That is, the main carry-propagate addition is not hindered by the late arrival of the signed carry.

- 3) (n, p) encoding of signed carry: A signed carry  $t_i \in \{-1,0,1\}$ , may be represented by an equally weighted negabit/posibit pair  $T_i^0$  and  $t_i^0$  vis-à-vis (n, p) encoding of binary signed digits [7]. This allows for two representations of 0 as  $T_i^0 = -1$  and  $t_i^0 = 1$  or  $T_i^0 = t_i^0 = 0$ . This degree of freedom can be used in adapting the logical equations in order to balance the latency of these bits (designs A and D of Figure 5) or minimizing the latency of one that is needed earlier (designs B and C of Figure 5).
- 4) Simplification of the control logic: The transfer extraction of Figure 3 effectively replaces the most significant bits of the two operands with four bits of  $t_{i+1}$ and  $z_i$ ; actually a boost up 2-by-4 replacement. Note that the most significant posibits, while contributing in the value of  $t_{i+1}$ , remain intact. The arithmetic value of the two negabits  $Z_i^h$  and  $Z_i^h$  collectively represent  $\{-1,0\}$  as suggested in Table 1 of [9]. Therefore, they can be reduced to one negabit. This improvement, yet an increasing 2-by-3 replacement, would simplify the control logic of Figure 5 and replace one of the full adders with a half adder. However, as illustrated in stage II of Figure 5, a nonincreasing 4-by-4 replacement is possible, where the 4bit set consisting of two most significant bits of the operands (Stage I of Figure 5) is replaced with two bits of  $z_i$ and two of  $t_{i+1}$ . The rationale to be explained in Section C.

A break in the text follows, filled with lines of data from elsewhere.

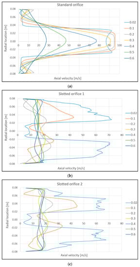 Comparison of velocity profiles at different distances behind the orifices: (a) standard, (b) slotted 1, (c) slotted 2.
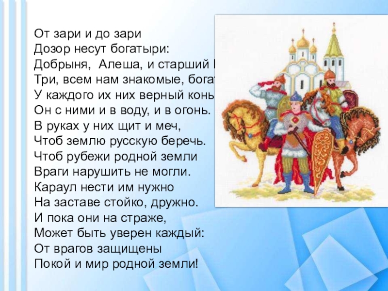 Слайд 7 В древние времена боролись с врагами богатыри. Вот какие были смелые защитники Отечества.
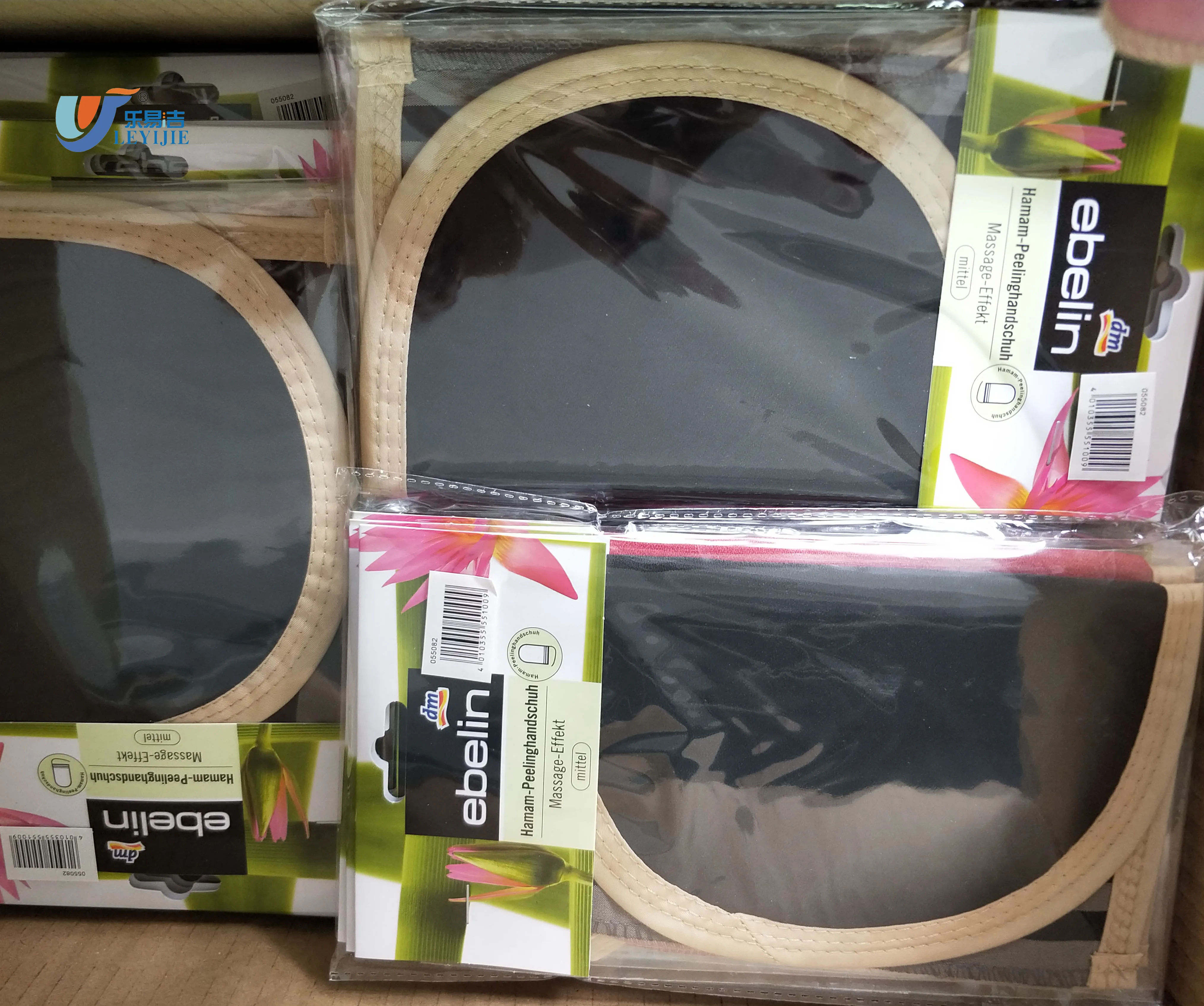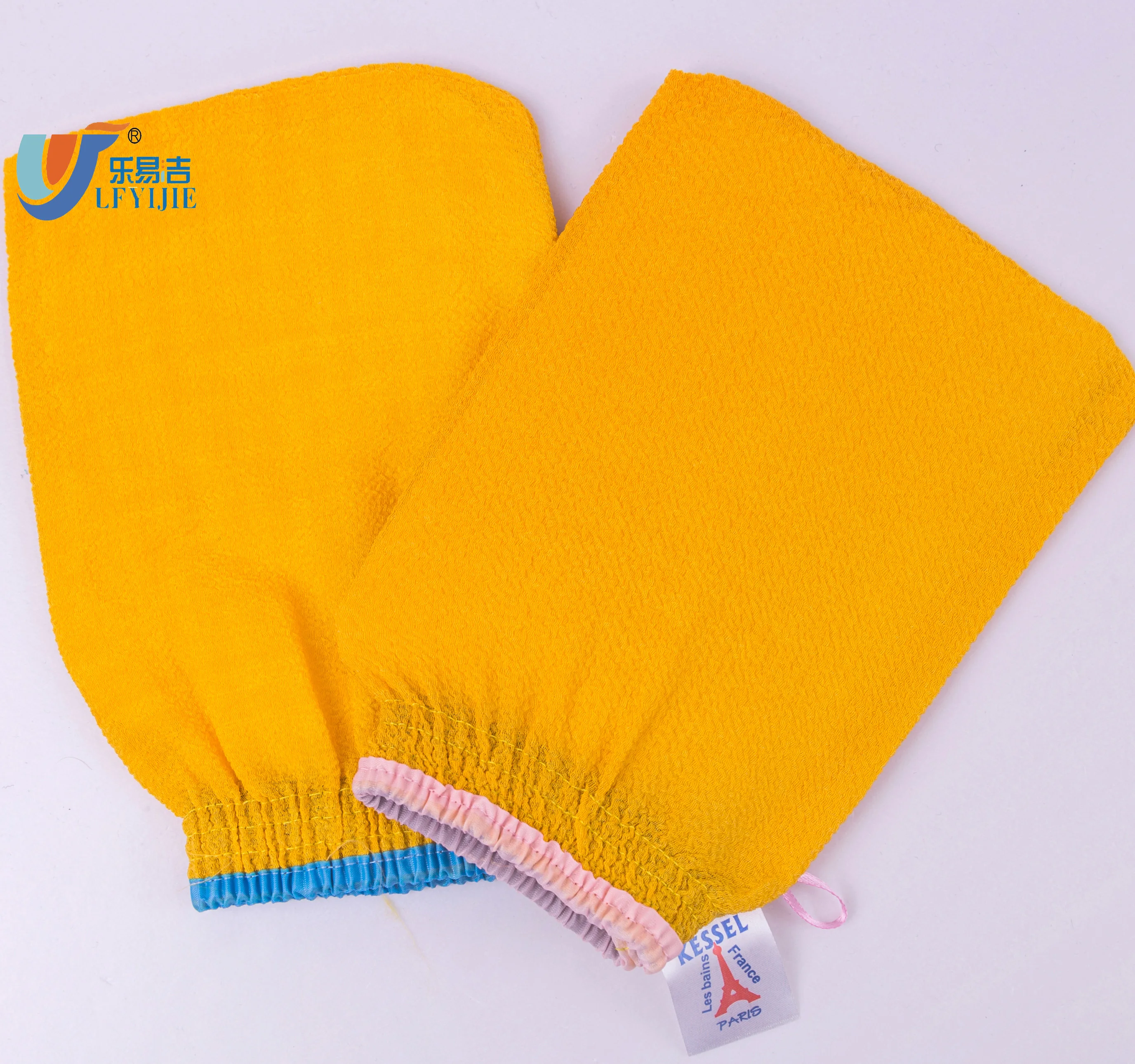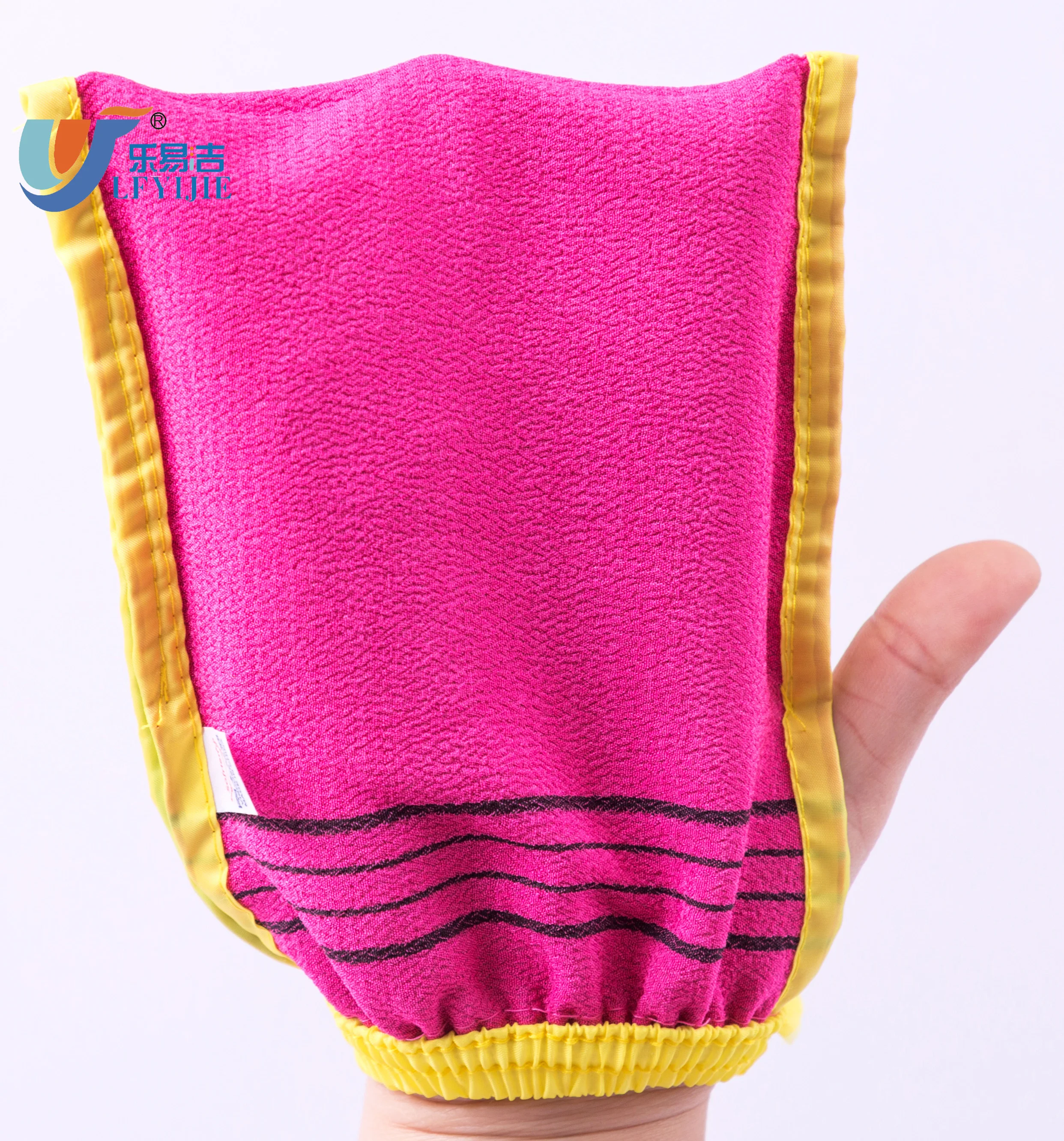 Viscose Fabric can make different size ,sharp,colors bath gloves
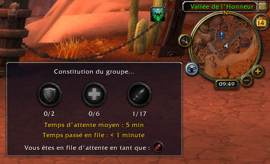 Une fois inscrit, une infobulle apparait en haut de l’écran, en passant sa souris dessus, on peut voir que les groupes sont formés de 2 tanks, 6 heals et 17 DPS. Le temps d’attente n’est vraiment pas significatif puisque je suis sur les Royaumes de Test et donc qu’il y a peu de serveurs et une forte concentration de joueurs à cette heure là (ndlr: 20h30). Je crains que cela soit vraiment plus long sur nos serveurs même si les raids seront inter-serveurs.
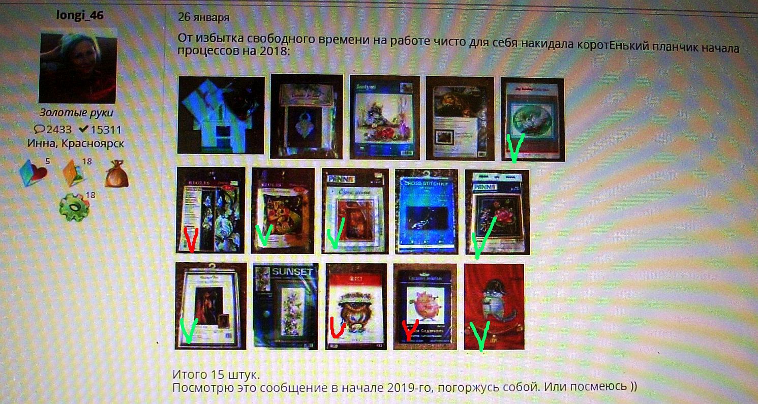 13 января 2019 Девочки, всем горячий воскресный привет! Я пришла подводить итоги своего вышивального 2018-го Буду щас беззастенчиво хвастаться и нагло себя хвалить Исполнилось 2 года, как я сижу на крестиках (вот время летит!), перестаю чувствовать себя начинающей. В этом году я освоила равномерку и бисер, осилила первую большую работу на черной канве, научилась более-менее прилично шить без разметки и полюбила турецкие пяльца, что сделало процесс более мобильным - я теперь даже машину мыть езжу с вышивкой! В январе я составляла примерный списочек из 16 пунктов, которые планировала начать: Из этих 16 начато было всего 9 (с зелеными галочками), а из этих 9-ти полностью готовы 3 (с красными галочками). Статистика, может, и не самая офигенная, но!!! Сверх плана я начала еще 18 процессов, итого 27 новых процессов за год! И на конец года имею 17 готовых работ! Вот моя вышивальная кучка тщеславия за 2018 )) Плюс подаренная маме Умиление Плюс забытый у нее же новогодний Кабанчик Тут идут аплодисменты, переходящие в овации......... Еще я в этом году оформила целых 7 работ - 1 сама и 6 в багетках! Первый раз переделала брак, первый раз поругалась с багеткой из-за того, что про мою работу вообще забыли и т.п... Будет что вспомнить )) А еще большим достижением этого года считаю обуздание хомяка! )) Я всего 3 раза за год делала заказы, причем искала уже конкретные наборчики. Скупила их всех и успокоилась. Правда был еще жуткий летний всплеск по ножничкам -маячкам-магнитикам, но я его списываю на тлетворное влияние красноярских вышивальщиц )) Знакомство с которыми считаю тоже одним из самых больших везений этого года Кто угадает, какие ножички чаще всего тырят мои котики - тот молодец! )) Из грустного - одна старая дура на работе не смогла пережить моих горящих глаз, нажаловалась генеральному и мне заблокировали Стич ((( Дома не получается столько времени сидеть в интернете, поэтому круг общения на форуме резко сузился, некогда сейчас узнавать новых интересных вышивальщиц, успеть пробежаться бы по знакомым темам. Очень жаль ((( Но пока так ((( Наверно, на этом пока все. Когда-нибудь стану старой мудрой перечницей, которая презирает аиду и выдает каждый год по голдену, перечитаю свой отчетик и посмеюсь )) А планы на 2019 пока строятся Всем тьмок! TheSunniestDay, titania, ALT и 17 других сказали спасибо Поделиться сообщением Ссылка на сообщение
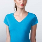 Damska koszulka z krótkim rękawem i dekoltem wykończonym w szpic (V-neck). Szwy boczne. Dopasowany krój.

Figure 5. Seven designs of radix-16 MRSD adder based on two encodings of the signed carry

# B. Alternative MRSD adder architectures with transfer extraction

Stage II of Figure 5 depicts two versions of transfer extraction in the MRSD addition scheme. The 2CL encoding of the signed carry (the same as in Figure 3) is depicted in the right column of Figure 5, while the one on the left uses (*n*, *p*) encoding. Stage III illustrates alternative bit-groupings for bit compression purposes, where the 3-dot rectangles are pseudo-half adders or full adders and the L-shaped dot boxes are carry propagate adders (CPA). The three designs labeled as C, D and E use carry-save adders with one input being constant 1 (i.e., enforced inversely encoded negabit with arithmetic worth of 0) where necessary.

The other four designs use intra-digit CPA. This leads to Stage IV, where all the seven designs use intra-digit CPAs to compute the 2CL sum digits. Note that, as is evident from the corresponding miniature circuit diagrams, function of the two CPAs (where applicable) overlap in time. The squares, L-shape black [white] boxes and triangles, within these circuits, represent full adders, 2CL[(n, p)] transfer extraction logic and pseudo-half adders respectively. The latter is functionally equivalent to an enforced-carry full adder, which is no more complex than a standard half adder. The carry-save adders (CSA) and CPAs are configured with standard full adders and pseudo-half adders.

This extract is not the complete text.